A three-year-old technique called CRISPR/Cas9 is so effective at cutting and adding genes that researchers all over the world have adopted it in their labs. Earlier this year, researchers in China edited genes in a nonviable human embryo to try to treat an inherited blood disease, and ended up with a lot of unintended—and potentially dangerous—changes.
This week, a high-profile group of researchers, ethicists and advocates convened in Washington, D.C., to discuss the ethics of editing human genes. In particular, they're concerned about changes to human eggs, sperm or embryos—known as the human germline.
If you edit the genes of an adult, the changes don’t get passed down to that person's children. But editing genes in the germline would affect the child’s own egg and sperm, so the genetic changes are inherited.
The organizing committee ended the discussion by issuing a statement saying that “it would be irresponsible to proceed with any clinical use of germline editing” until more safety and effectiveness research can be done, risks and benefits weighed, and a social consensus reached. The group called for regulatory oversight of use in people, and concluded that “as scientific knowledge advances and societal views evolve, the clinical use of germline editing should be revisited on a regular basis.”
In Washington, scientists and ethicists talked about science, ethics, human rights, government relations and Aldous Huxley’s futuristic 1932 novel Brave New World, offering five basic reasons that gene editing is exciting—but scary:
1. Curing disease
By eliminating genes that cause disease, doctors could treat a wide range of illnesses, from heart disease to Alzheimer’s.
Scientific challenges remain, such as making sure that the right gene—and only the right gene—gets changed. But gene therapy is now being used to treat eye disease, and early trials suggest that it may be able to treat the blood disorders beta thalassemia and sickle cell anaemia, said Fyodor Urnov of Sangamo BioSciences, a leader in blood disease research.
Even for this seemingly noble cause, there are moral challenges: namely, which conditions to treat. And not everyone necessarily wants to be “cured.”
To some people labelled with disabilities, “editing may be more akin to getting pushed through a shredding machine,” said Ruha Benjamin, an African-American Studies and bioethics professor at Princeton University.
2. Stopping inherited disease in its tracks
Diseases that are passed down in families, like Huntington's and Tay-Sachs, might one day be simply snipped out of the family line.
Though we can already screen for some genetic diseases and avoid them using in vitro fertilization, new CRISPR methods could potentially make much more complex edits. Harvard Medical School geneticist George Church recently showed that with the new CRISPR methods, he could edit 60 embryonic pig genes simultaneously. This may be harder in people, though, and since we don’t know the full roles of most of our genes, we can’t know the risks involved in adding them.
Rudolf Jaenisch, a stem cell biologist at MIT and the Whitehead Institute, raised another ethical concern: Is it morally acceptable to edit the genes of healthy children in the hopes of preventing unhealthy ones?
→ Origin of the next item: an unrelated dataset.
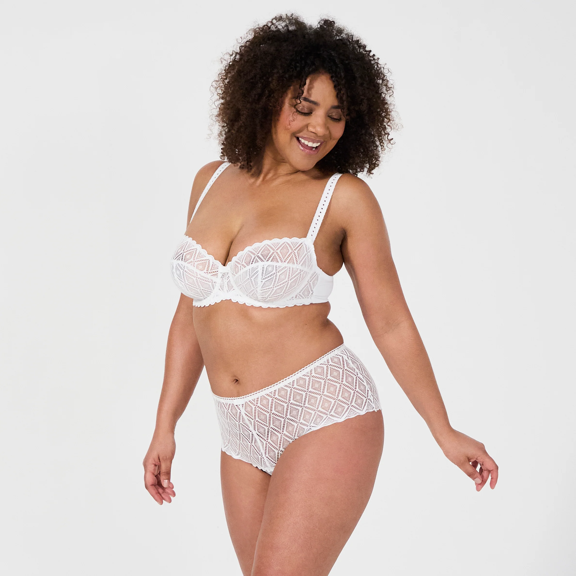 • Dentelle mate dessin géométrique toucher doux• Devant et dos en dentelle• Fond de culotte extérieure en maille microfibre• Elastique fantaisie avec picot à la taille

In his research on mouse embryos, he’s found that he can’t edit the genes of diseased mice without also affecting the genes of mice that would otherwise be healthy.
In trying to prevent a genetic mutation in sick children, doctors would have to introduce a gene mutation into healthy ones. Such a mutation would carry forward into the human population, and no one knows whether it would have an unintended effect.
3. Creating a better you
Theoretically, gene editing could also be used to make so-called designer babies. Traits governed by a small number of genes would be the most straightforward to manipulate, such as muscularity, eye colour, height, and memory, said George Daley, a stem cell biologist at Harvard Medical School.
Editing genes for more complex traits like intelligence would be more difficult or impossible. “You don’t know what else you’re going to get, “Sheldon of Tufts University, who writes about science and ethics, said in an interview. “The genome is an ecosystem. Everything is in some kind of balance. You try to maximize one quality and you may affect another one.”
What's more, if a change is introduced into the human population, and can be inherited, it could be hard to remove—and won't stay put in a particular community or country.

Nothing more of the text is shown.